Instructions to follow: Take the listing below and output it exactly, with no images.

Dataset excerpt:
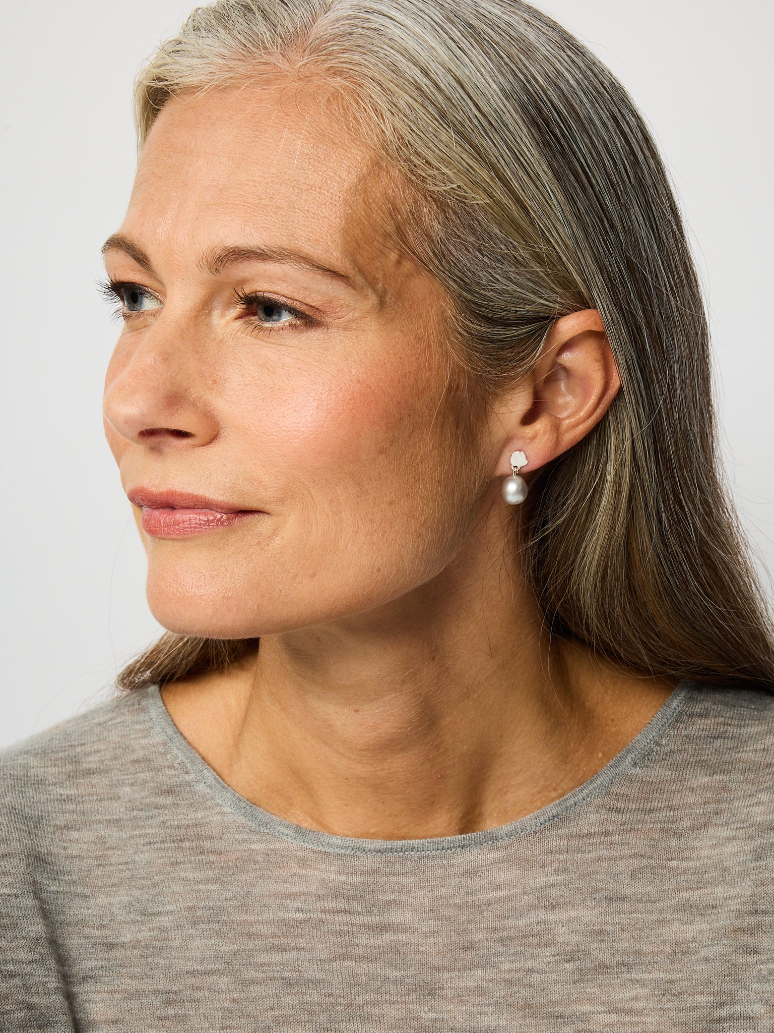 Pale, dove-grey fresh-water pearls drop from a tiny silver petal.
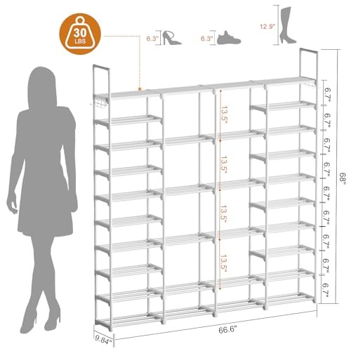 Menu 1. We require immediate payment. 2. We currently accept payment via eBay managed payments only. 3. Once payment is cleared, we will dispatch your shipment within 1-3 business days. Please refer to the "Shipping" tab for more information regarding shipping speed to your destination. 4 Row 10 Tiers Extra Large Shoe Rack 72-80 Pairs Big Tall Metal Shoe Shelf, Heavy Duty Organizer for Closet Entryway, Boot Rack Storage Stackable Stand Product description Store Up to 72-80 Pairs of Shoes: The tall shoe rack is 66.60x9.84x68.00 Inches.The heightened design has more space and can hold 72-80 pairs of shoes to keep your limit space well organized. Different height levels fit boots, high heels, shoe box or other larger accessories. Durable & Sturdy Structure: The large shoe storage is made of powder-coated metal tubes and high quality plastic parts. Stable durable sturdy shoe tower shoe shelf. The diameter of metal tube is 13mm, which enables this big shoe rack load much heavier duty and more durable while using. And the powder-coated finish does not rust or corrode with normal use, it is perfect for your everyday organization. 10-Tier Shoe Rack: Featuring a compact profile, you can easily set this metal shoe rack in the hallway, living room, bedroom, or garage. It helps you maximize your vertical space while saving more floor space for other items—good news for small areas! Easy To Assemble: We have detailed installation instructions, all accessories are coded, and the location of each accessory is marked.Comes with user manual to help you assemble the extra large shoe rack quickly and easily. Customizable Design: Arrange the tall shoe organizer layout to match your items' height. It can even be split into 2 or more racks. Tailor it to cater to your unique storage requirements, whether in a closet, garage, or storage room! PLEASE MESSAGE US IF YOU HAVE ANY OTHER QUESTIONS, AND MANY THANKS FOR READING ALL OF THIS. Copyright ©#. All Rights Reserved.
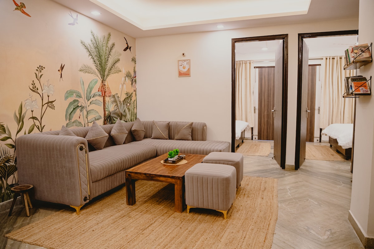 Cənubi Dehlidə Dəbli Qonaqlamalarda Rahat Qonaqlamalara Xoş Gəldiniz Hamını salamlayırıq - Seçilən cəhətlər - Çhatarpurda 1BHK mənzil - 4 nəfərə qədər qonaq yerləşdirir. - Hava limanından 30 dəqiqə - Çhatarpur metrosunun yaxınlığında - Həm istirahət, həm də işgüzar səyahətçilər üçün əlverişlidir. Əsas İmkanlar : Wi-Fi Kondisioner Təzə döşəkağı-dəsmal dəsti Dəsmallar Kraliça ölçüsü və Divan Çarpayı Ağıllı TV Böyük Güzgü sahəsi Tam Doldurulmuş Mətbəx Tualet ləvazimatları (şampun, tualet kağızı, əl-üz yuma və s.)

Response to this exercise:
 Pale, dove-grey fresh-water pearls drop from a tiny silver petal.
 Menu 1. We require immediate payment. 2. We currently accept payment via eBay managed payments only. 3. Once payment is cleared, we will dispatch your shipment within 1-3 business days. Please refer to the "Shipping" tab for more information regarding shipping speed to your destination. 4 Row 10 Tiers Extra Large Shoe Rack 72-80 Pairs Big Tall Metal Shoe Shelf, Heavy Duty Organizer for Closet Entryway, Boot Rack Storage Stackable Stand Product description Store Up to 72-80 Pairs of Shoes: The tall shoe rack is 66.60x9.84x68.00 Inches.The heightened design has more space and can hold 72-80 pairs of shoes to keep your limit space well organized. Different height levels fit boots, high heels, shoe box or other larger accessories. Durable & Sturdy Structure: The large shoe storage is made of powder-coated metal tubes and high quality plastic parts. Stable durable sturdy shoe tower shoe shelf. The diameter of metal tube is 13mm, which enables this big shoe rack load much heavier duty and more durable while using. And the powder-coated finish does not rust or corrode with normal use, it is perfect for your everyday organization. 10-Tier Shoe Rack: Featuring a compact profile, you can easily set this metal shoe rack in the hallway, living room, bedroom, or garage. It helps you maximize your vertical space while saving more floor space for other items—good news for small areas! Easy To Assemble: We have detailed installation instructions, all accessories are coded, and the location of each accessory is marked.Comes with user manual to help you assemble the extra large shoe rack quickly and easily. Customizable Design: Arrange the tall shoe organizer layout to match your items' height. It can even be split into 2 or more racks. Tailor it to cater to your unique storage requirements, whether in a closet, garage, or storage room! PLEASE MESSAGE US IF YOU HAVE ANY OTHER QUESTIONS, AND MANY THANKS FOR READING ALL OF THIS. Copyright ©#. All Rights Reserved.
 Cənubi Dehlidə Dəbli Qonaqlamalarda Rahat Qonaqlamalara Xoş Gəldiniz Hamını salamlayırıq - Seçilən cəhətlər - Çhatarpurda 1BHK mənzil - 4 nəfərə qədər qonaq yerləşdirir. - Hava limanından 30 dəqiqə - Çhatarpur metrosunun yaxınlığında - Həm istirahət, həm də işgüzar səyahətçilər üçün əlverişlidir. Əsas İmkanlar : Wi-Fi Kondisioner Təzə döşəkağı-dəsmal dəsti Dəsmallar Kraliça ölçüsü və Divan Çarpayı Ağıllı TV Böyük Güzgü sahəsi Tam Doldurulmuş Mətbəx Tualet ləvazimatları (şampun, tualet kağızı, əl-üz yuma və s.)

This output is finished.